In my local paper a letter writer, apparently eager to besmirch Ayn Rand–which many have tried in vain–had this to say: “Rand’s libertarianism has an underlying philosophy that says that if you are not particularly smart, ambitious, disciplined or wealthy, and you become homeless, hungry, financially ruined and suffer from premature illness or death, then that is entirely your fault.” (April 25, Local p. 5)

Neither Ayn Rand nor libertarianism says any of this. What they both do say is that if you are in such a state, you by no stretch of the imagination have the authority to deprive others of their resources. You can ask, of course. And surely that is correct.

Even a person in the greatest of need has no warrant for stealing from others. What such a person most definitely is fully justified in doing is to request help from others which, in America especially, millions provide at little urging–just consider the help that they provide when something like Katrina or a tsunami strikes, and all the charitable contributions they send to the casualties of various similar mishaps. They do this far more than citizens of any other country.
Both Rand and libertarians support voluntary aid but oppose, most vigorously and vociferously, confiscating what other people own.

Nor do Rand and libertarians hold that everything the letter writer lists is one’s fault, quite the contrary. Many mishaps people experience, because of illness and natural disasters, are clearly not their and (most often) anyone else’s fault. Bad things do happen, be it to good or bad people.

What Rand and libertarians have believed, on pretty good grounds, is that when improvements are needed in people’s lives, relying on confiscating other people’s belongings and coercing them to do work to provide assistance are flawed and morally wrong remedies. Instead, voluntary cooperation is both the most ethical and the most effective way to go.

This idea is by no means odd. In broad terms it is recognized that countries the laws of which protect their citizens against coercion–violent criminals, intrusive or meddling governments–are in better shape than those ruled by strong rulers who impose their idea of what is good for everyone not by convincing citizens of what they believe is right but by imposing their will on them. Be this in small matters or large ones, history is replete with the lessons about how coercive force between human beings is an ill advised way to handle problems.

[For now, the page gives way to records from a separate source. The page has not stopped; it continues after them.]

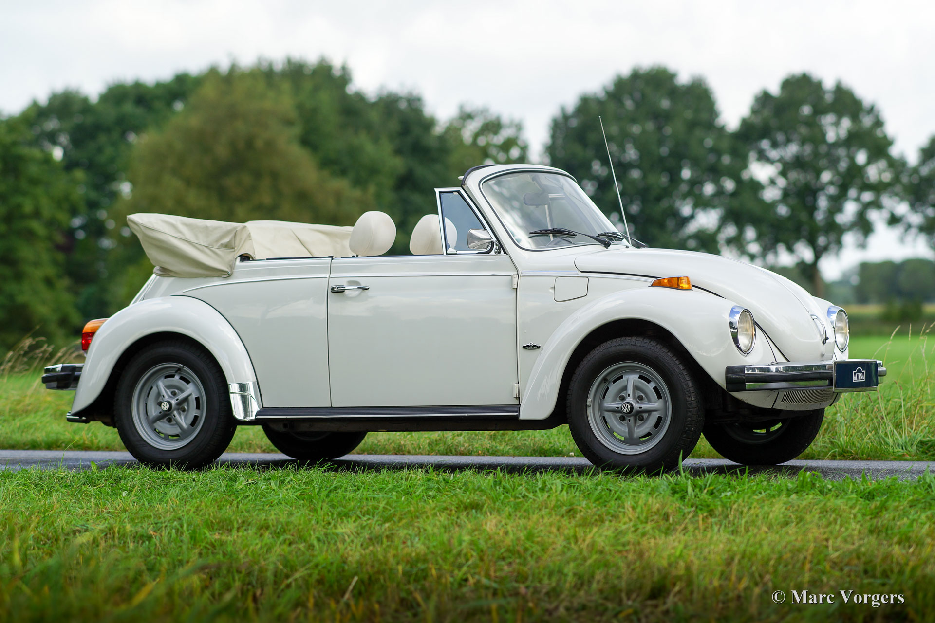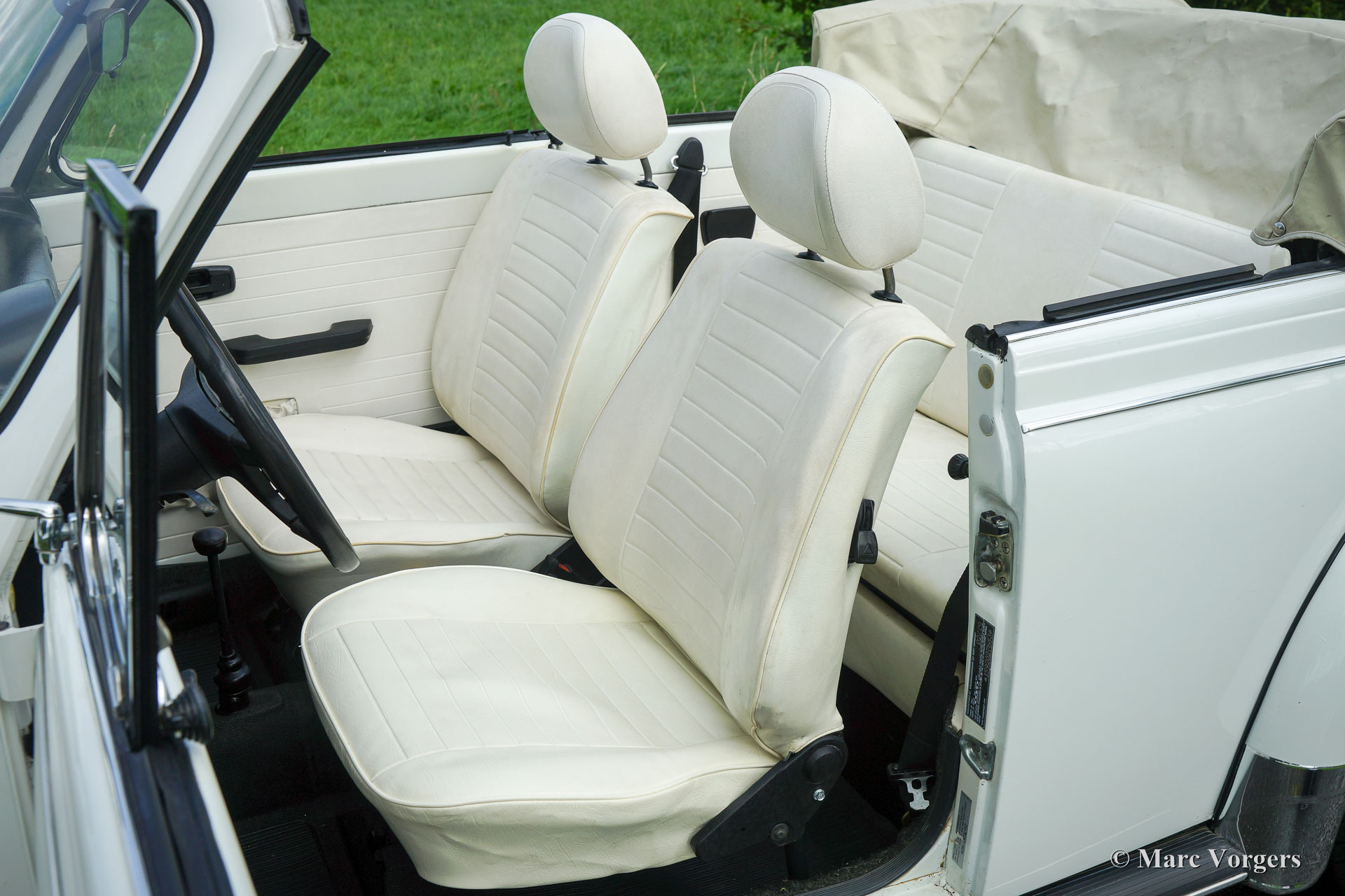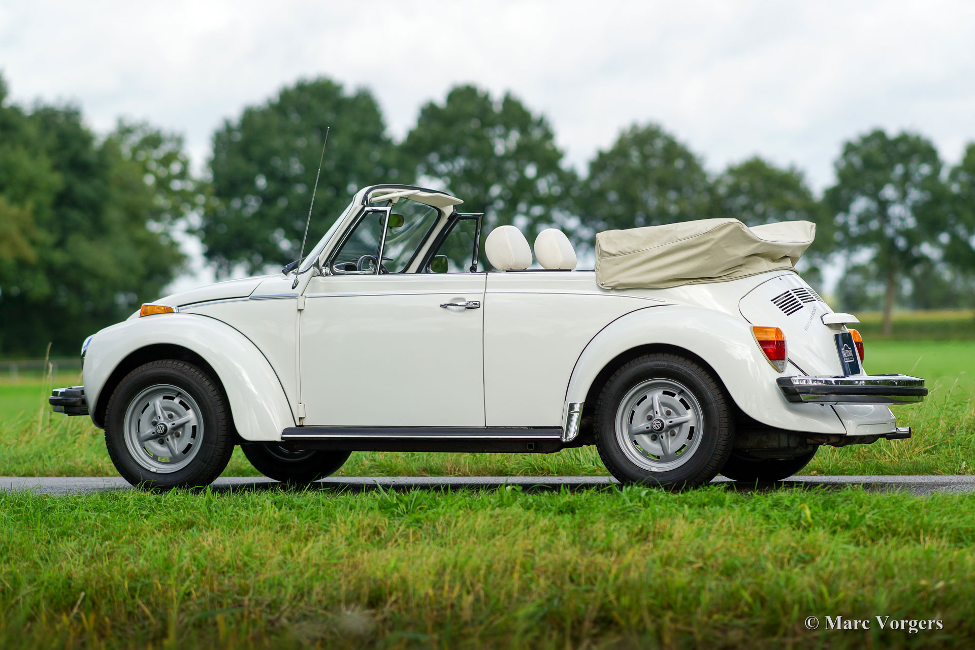 Volkswagen ‘Beetle’ 1303 cabriolet, year 1979. Colour ‘Triple White’: white exterior, white interior (with black carpet) and a white convertible hood. This is a rare ‘Champagne Edition’. This wonderful VW cabriolet was sold new in Oklahoma USA. The car was imported to the Netherlands in the year 2005. This VW Beetle convertible is in very good to excellent condition and the car drives perfectly. The car shows all original details. These VW models feature a petrol injected engine. This VW is complete with the original tool-set and crick. A fantastic four-seater family convertible!
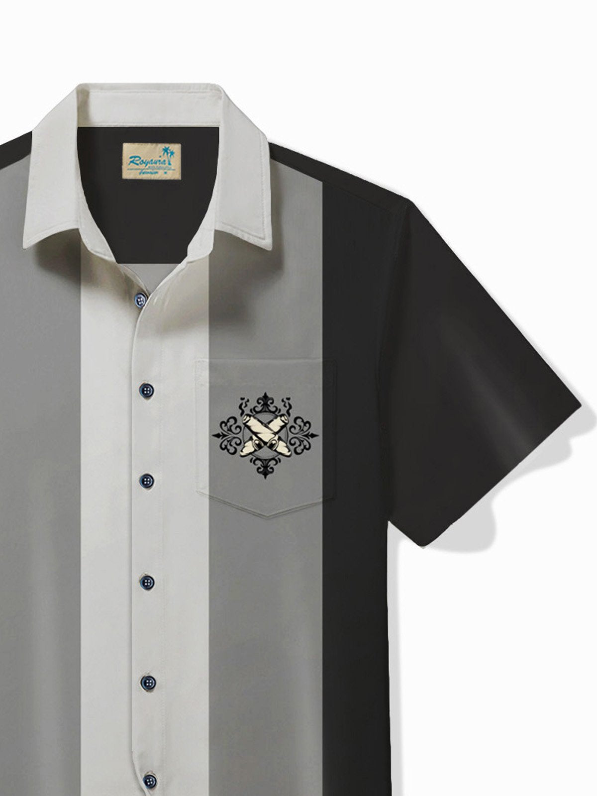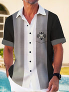 Alohadaddy 50's Vintage Bowling Shirt Cigar Art Stretch Quick Dry Pocket Camp Shirt Big Tall
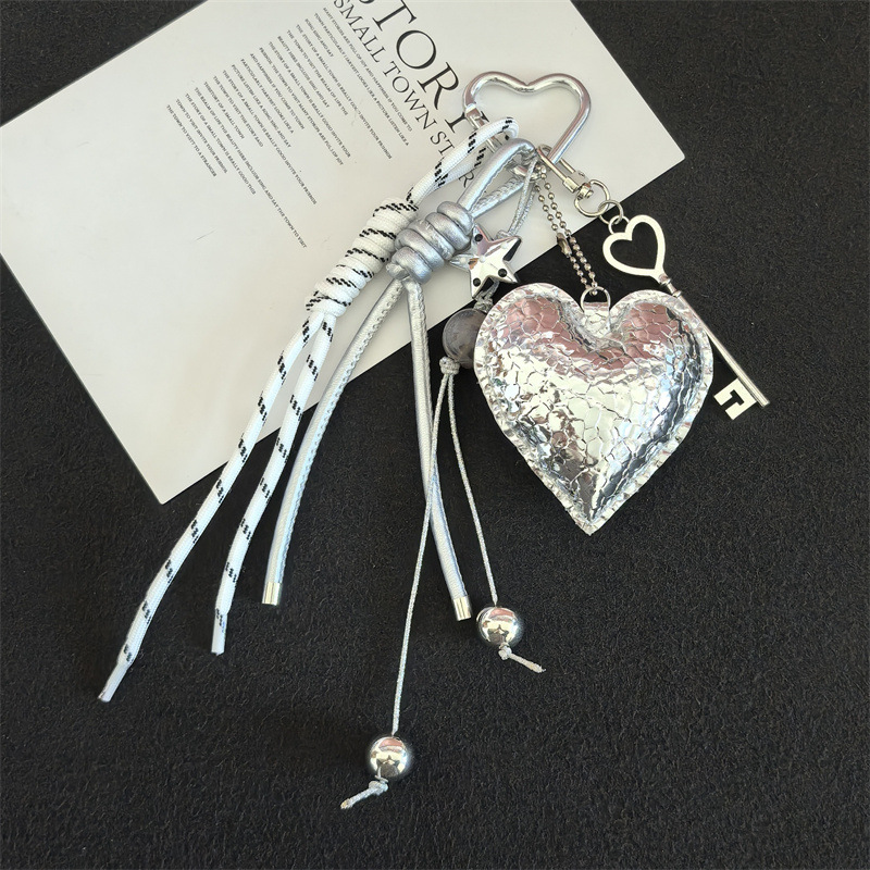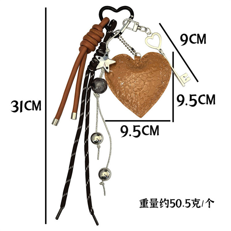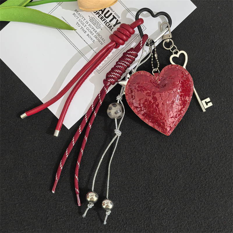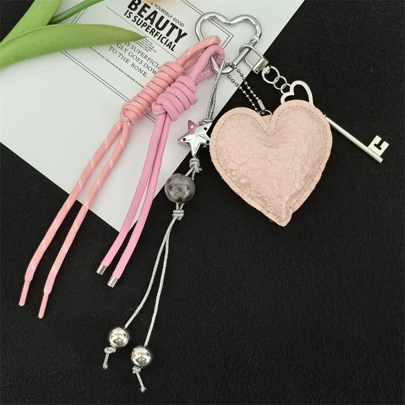 创意精致miu系手工编织挂绳个性百搭皮革爱心包包配饰钥匙扣挂件

In one area, especially, this has proven to be true for the last few centuries. Ever since Adam Smith published his path-breaking book The Wealth of Nations in 1776, it has been understood by quite a few political economists that prosperity is best pursued in peaceful ways. Voluntary economic relations among people are what is now referred to a win-win situation, whereas coercive economic relations are primarily zero-sum games, meaning when one party gains the other loses. In most of human history, sadly, this latter is how wealth has been obtained and many still advocate the approach even today. This is in part because in a largely free markets–there has never been a fully free market anywhere, unfortunately–those seeking to have their needs and wants met, from gaining groceries to major medical treatments, have been able to find nearly exactly what they have in mind, suiting their particular, individual needs and wants instead of some general benefit that governments prescribe for everyone, something that always suffers from government’s ignorance of what it is that can benefit individual human beings. This may be one reason boosters of government involvement in our lives–in other words, statists–tend to speak mostly of the public interest or the public good or the common welfare since these are so indeterminate, to vague that no one can check out just exactly what they come to in practice.

Aside from all this, there is also the less well known greater generosity found in free societies than in those with top-down government regimentation of nearly everything in people’s lives. But this isn’t government “generosity,” involving robbing Peter so as to hand some of the loot to Paul. It is voluntary charity and philanthropy so it is likely to be far more efficient than what the government does when it sets out to “help” people, including the poor, indigent, hapless, or unfortunate among us. (It isn’t help when one doesn’t dig into one’s own pockets or bank accounts but those of other people and hands these to those in need of help. Moreover the welfare state didn’t emerge because private help was not forthcoming.)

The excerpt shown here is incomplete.